Bill Maher wants Obama to be more like Bush

Wednesday, June 17, 2009



Bill Maher, the popular television host of HBO's Real Time With Bill Maher made some very interesting remarks about Barack Obama recently. Questioning the popularity of the president, Bill Maher asked some pretty relevant questions. The one that stood out most was, WHY IS THE PRESIDENT ON TV SO MUCH? After all, he is not a celebrity. Instead of focussing on doing his job well, Obama is on this latest PR stint. He even went so far as to say that Obama would do well in incorporating some of George Bush's traits, especially one of not trying to be an appeaser.

These comments came around the same time Barack Obama's latest approval rating showed a drop. He is now at 56%. This is still respectable, but that number is dwindling soon and Obama has barely been in office for 6 months.

Are the American public now having buyers remorse?

Obama tax proposal cripples American companies' competitiveness

Tuesday, June 9, 2009

Obama Economic policies results in American companies being less competitive
President Obama’s recent thought on increasing taxes on multinational American companies is a bold yet harmful one. He wants to levy a higher tax on companies that shift jobs overseas. On the face of it, it sounds like a great policy. If enacted, it will discourage companies from shifting jobs overseas and bring back more jobs to America. However, every decision has a consequence and this particular decision has a very negative consequence.
America has the second highest combined corporate tax rate amongst industrialized nations. (Japan has the highest). So, companies are forced to shift jobs overseas to countries that have much lower tax rates. That way, they pay a lower tax rate in those countries and only pay taxes in America when they transfer the money back here. As a result, many companies, including giants like Microsoft have moved jobs overseas. Since they pay lower taxes, their product prices are more competitive and they gain more market share. Increased market share means more sales and therefore more money coming back into the United States. This is a good thing.
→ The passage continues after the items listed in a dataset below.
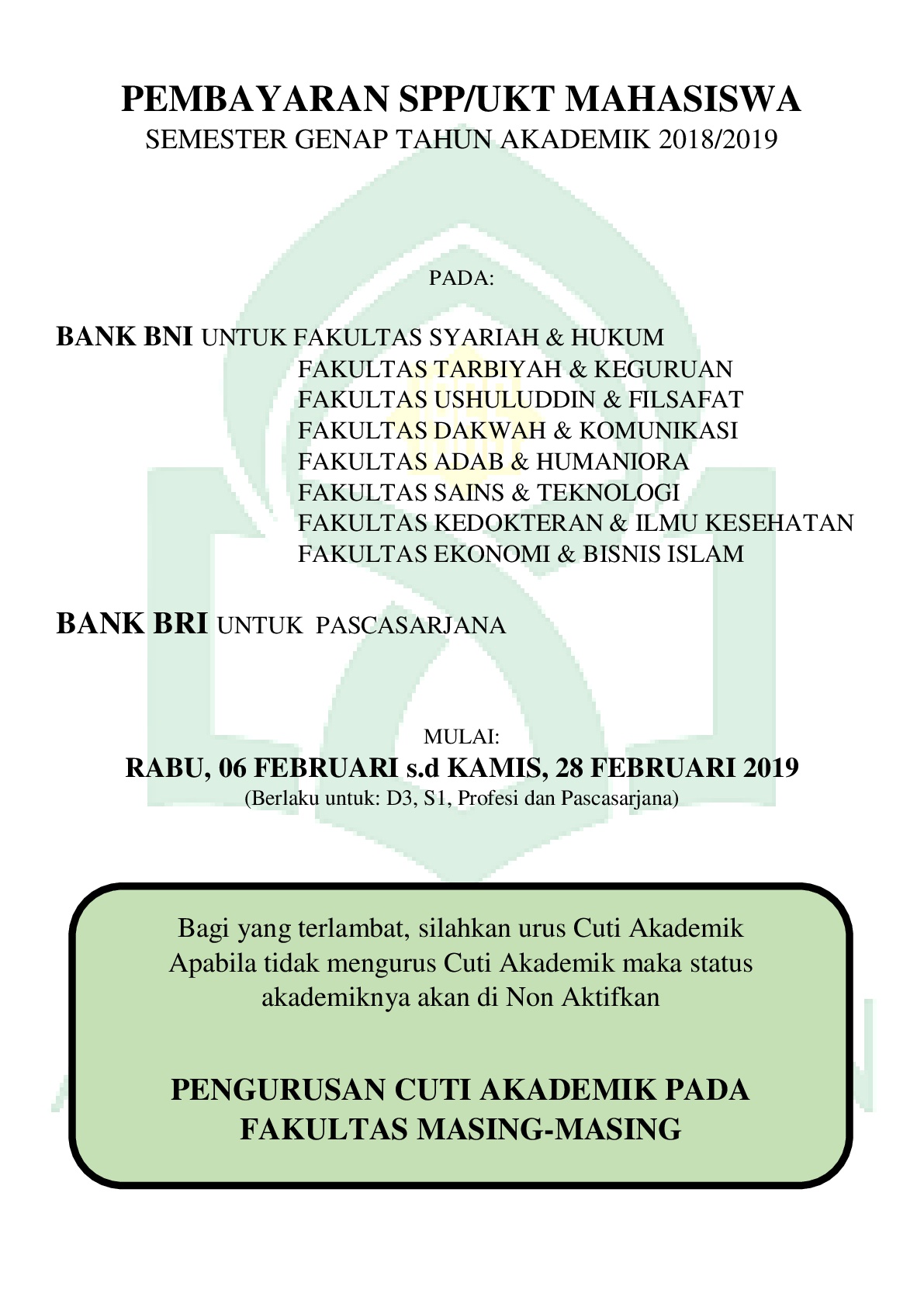 Bagi yang terlambat membayar, silahkan urus Cuti Akademik Apabila tidak mengurus Cuti Akademik maka status akademiknya akan di Non Aktifkan
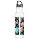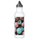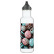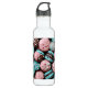 Macarón rosa, azul y chocolate con una botella de agua deliciosa aspersante.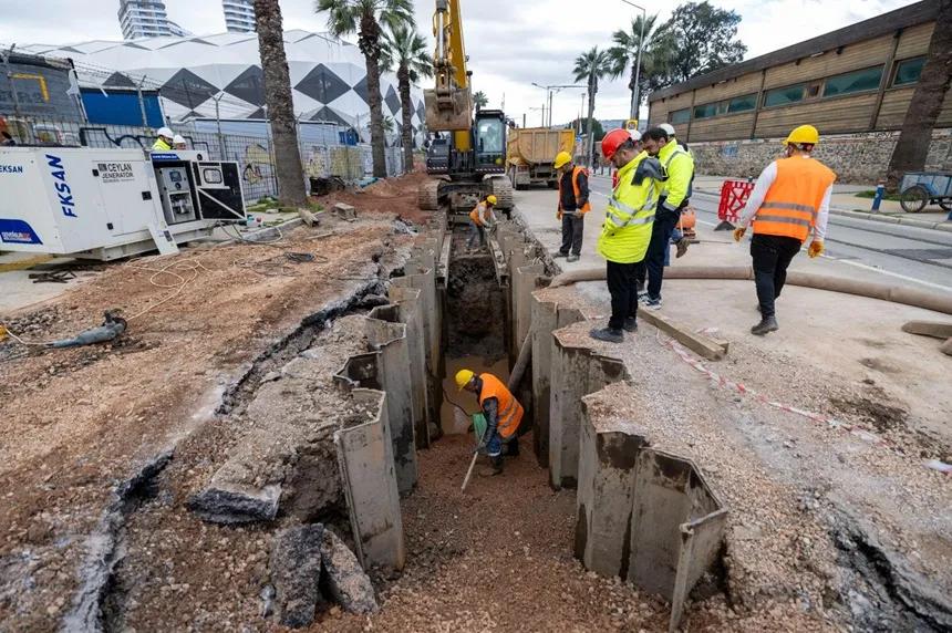 İzmir Büyükşehir Belediyesi İZSU Genel Müdürlüğü, Dünya Bankası finansmanıyla yürütülen Türkiye Deprem, Sel ve Yangın Acil İmar Projesi (TEFWER) kapsamında Alsancak Liman bölgesinde başlattığı altyapı çalışmalarını Şehitler Caddesi’nde sürdürüyor. Yağmur suyu ve atık su hatlarının ayrıştırılmasıyla taşkın ve koku sorunlarına kalıcı çözüm hedefleniyor.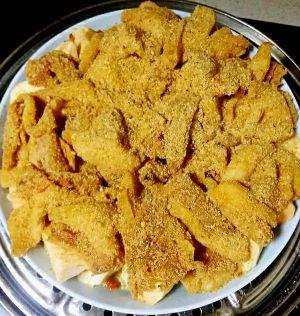 腌制好的肉裹上蒸肉粉,铺在红薯上,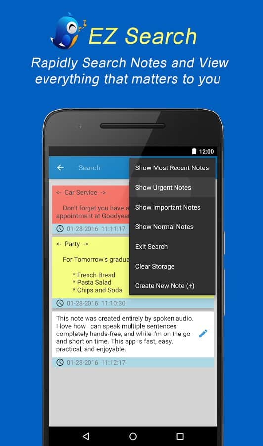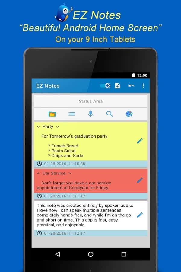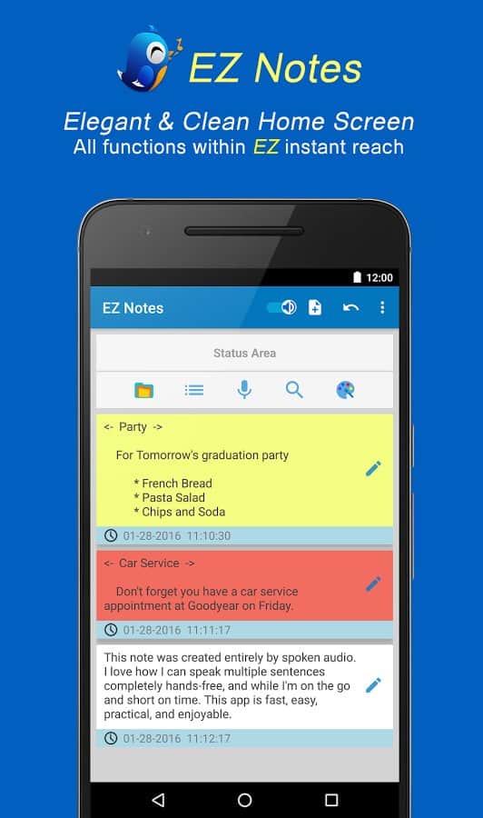 EZ Notes - El Organizador Rápido es una aplicación única para notas muy rápidas y eficientes. Con ella, puedes dejar una nota sin parpadear. Las notas son de dos tipos, aquellas que grabarás y notas de voz que se pueden dejar presionando solo unos pocos botones. La aplicación tiene una interfaz muy simple y de alta calidad y una funcionalidad flexible que te permite personalizarla a tu manera, aumentando así la velocidad con la que escribirás notas.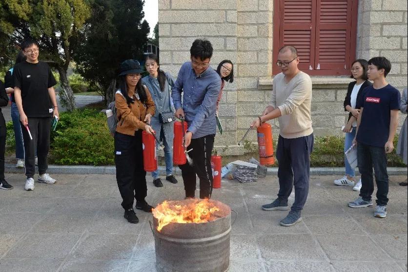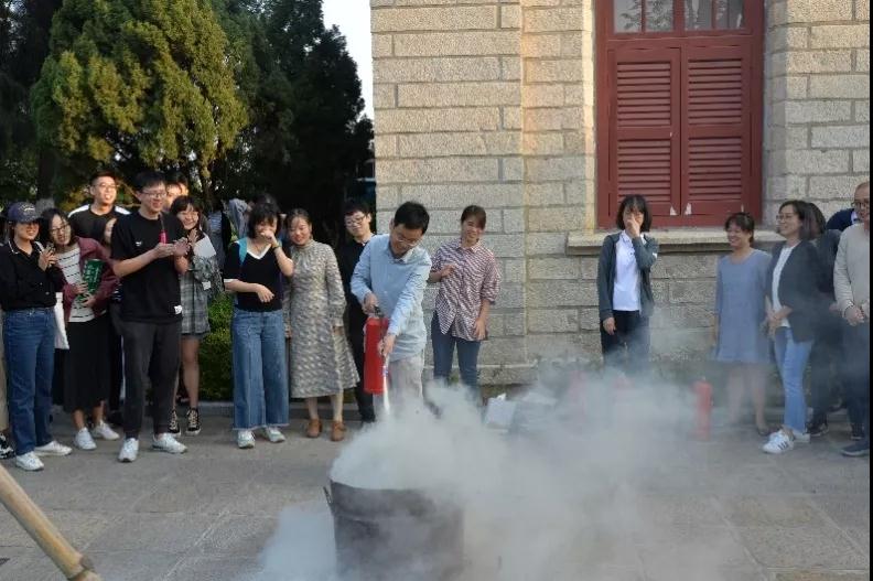 伴随着陈伟老师的报告,现场在火桶中燃起火焰,演练活动进入了第二项安排——消防器械的使用学习。孙俊逸副科长向在场的师生详细地讲解的灭火器的使用方法,以及注意事项,并且亲自做了示范,成功将目标火堆扑灭。接下来,在场师生分组对灭火器的使用进行实地演练。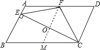 解答 解:取BC的中点M,连接FM,交EC于点O,∵四边形ABCD是平行四边形,∴AD∥BC,AD=BC,∵点F是AD中点,∴AF$\stackrel{∥}{=}$BM,∴四边形ABMF是平行四边形,∵CE⊥AB,∴FM⊥EC,∵BM=MC,∴EO=CO,∴EF=FC.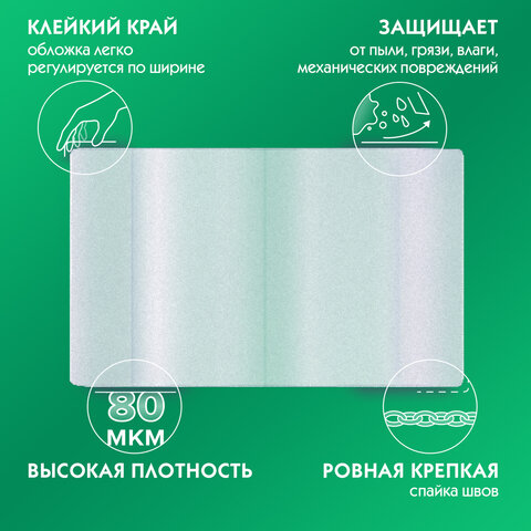 Прозрачные плотные обложки ПИФАГОР для тетрадей и учебников начальных классов изготовлены из полипропилена (ПП) толщиной 80 мкм. Благодаря КЛЕЙКОМУ КРАЮ обложка легко регулируется по ширине.

However, this too has a negative consequence. America loses jobs.
So what is wrong with President Obama’s policy of bringing those jobs back to America? Well, it is not so simple. If he increases taxes for these corporations within our borders, they are actually forced to shift more jobs overseas, as Microsoft CEO Steve Balmer recently stated. This policy won’t actually help to bring more jobs to America, instead it will just take more jobs away.
So what is the solution? It is simple really. If President Obama wants to impose this tax on Multinational American companies, he has to offset it by reducing corporate taxes within America. If companies see that they don’t gain as much benefit from moving out of the United States, fewer jobs will be exported. In fact, it may even result in them bringing over their brightest overseas employees to the United States, and god knows, we need more smart people in the country.
If Barack Obama insists on levying a tax on American Multinational companies, then he has to balance it out by reducing their taxes here or else he will just be exporting more jobs overseas. He has pledged over and over that he wants American companies to be more competitive and keep their place amongst the top companies in the world. The only way he can do that is to create an atmosphere where business can succeed. Higher taxation is not the way to go and neither is trying to fiscally scare companies into bringing jobs back to America. Companies like Microsoft and Google are too huge and too important to America to be intimidated by these tactics and if Obama wants to create an atmosphere where they, and other companies like them will grow and employ more people, he has to listen to their woes more and come up with better solutions than just higher taxes.

11 lobbyists hired by Obama since he took office

Tuesday, June 2, 2009

Eric Holder, attorney general nominee, was registered to lobby until 2004 on behalf of clients including Global Crossing, a bankrupt telecommunications firm.

Tom Vilsack, secretary of agriculture nominee, was registered to lobby as recently as last year on behalf of the National Education Association.

William Lynn, deputy defense secretary nominee, was registered to lobby as recently as last year for defense contractor Raytheon, where he was a top executive.

William Corr, deputy health and human services secretary nominee, was registered to lobby until last year for the Campaign for Tobacco-Free Kids, a non-profit that pushes to limit tobacco use.

David Hayes, deputy interior secretary nominee, was registered to lobby until 2006 for clients, including the regional utility San Diego Gas & Electric.

Mark Patterson, chief of staff to Treasury Secretary Timothy Geithner, was registered to lobby as recently as last year for financial giant Goldman Sachs.

Ron Klain, chief of staff to Vice President Joe Biden, was registered to lobby until 2005 for clients, including the Coalition for Asbestos Resolution, U.S. Airways, Airborne Express and drug-maker ImClone.

Mona Sutphen, deputy White House chief of staff, was registered to lobby for clients, including Angliss International in 2003.

Cecilia Munoz, White House director of intergovernmental affairs, was a lobbyist as recently as last year for the National Council of La Raza, a Hispanic advocacy group.

Patrick Gaspard, White House political affairs director, was a lobbyist for the Service Employees International Union.

Michael Strautmanis, chief of staff to the president’s assistant for intergovernmental relations, lobbied for the American Association of Justice from 2001 until 2005.